── Material provided

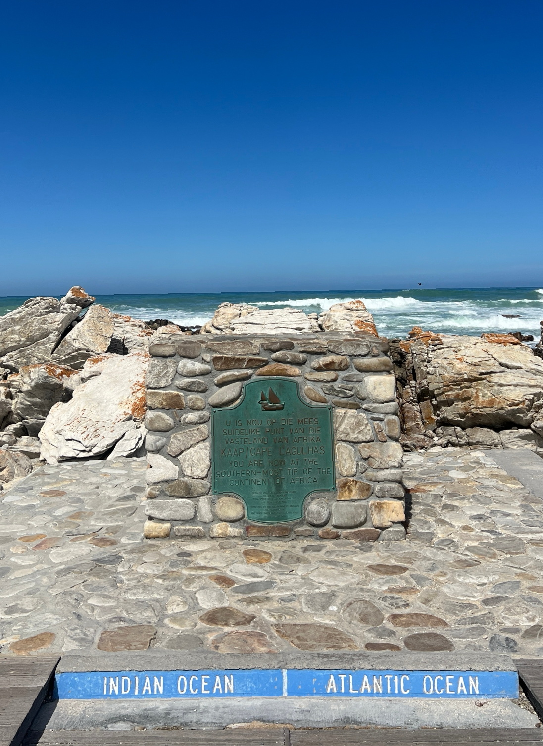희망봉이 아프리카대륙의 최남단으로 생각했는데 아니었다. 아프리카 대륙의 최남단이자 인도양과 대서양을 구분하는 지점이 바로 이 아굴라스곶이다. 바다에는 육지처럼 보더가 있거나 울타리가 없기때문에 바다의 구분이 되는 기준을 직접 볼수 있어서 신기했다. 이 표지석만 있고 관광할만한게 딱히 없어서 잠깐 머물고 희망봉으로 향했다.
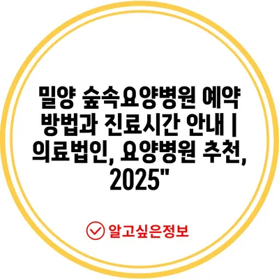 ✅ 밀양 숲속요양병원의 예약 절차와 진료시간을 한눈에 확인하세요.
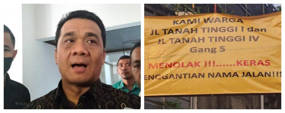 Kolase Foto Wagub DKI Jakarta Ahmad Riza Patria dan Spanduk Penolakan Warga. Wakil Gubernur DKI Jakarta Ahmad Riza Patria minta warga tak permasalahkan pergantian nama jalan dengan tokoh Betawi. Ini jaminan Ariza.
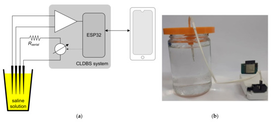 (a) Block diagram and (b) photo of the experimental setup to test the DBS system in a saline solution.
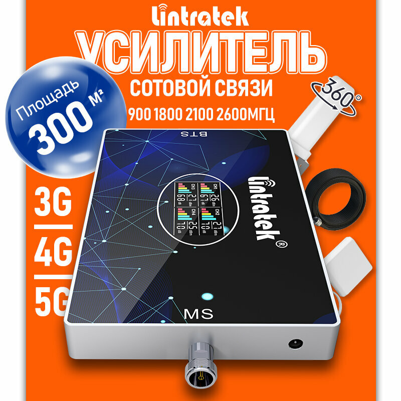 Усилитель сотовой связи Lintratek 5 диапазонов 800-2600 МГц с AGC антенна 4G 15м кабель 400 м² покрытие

────

- [Task item]
Please retype the data exactly, but do not carry over any picture.

- [Result for this task]
희망봉이 아프리카대륙의 최남단으로 생각했는데 아니었다. 아프리카 대륙의 최남단이자 인도양과 대서양을 구분하는 지점이 바로 이 아굴라스곶이다. 바다에는 육지처럼 보더가 있거나 울타리가 없기때문에 바다의 구분이 되는 기준을 직접 볼수 있어서 신기했다. 이 표지석만 있고 관광할만한게 딱히 없어서 잠깐 머물고 희망봉으로 향했다.
 ✅ 밀양 숲속요양병원의 예약 절차와 진료시간을 한눈에 확인하세요.
 Kolase Foto Wagub DKI Jakarta Ahmad Riza Patria dan Spanduk Penolakan Warga. Wakil Gubernur DKI Jakarta Ahmad Riza Patria minta warga tak permasalahkan pergantian nama jalan dengan tokoh Betawi. Ini jaminan Ariza.
 (a) Block diagram and (b) photo of the experimental setup to test the DBS system in a saline solution.
 Усилитель сотовой связи Lintratek 5 диапазонов 800-2600 МГц с AGC антенна 4G 15м кабель 400 м² покрытие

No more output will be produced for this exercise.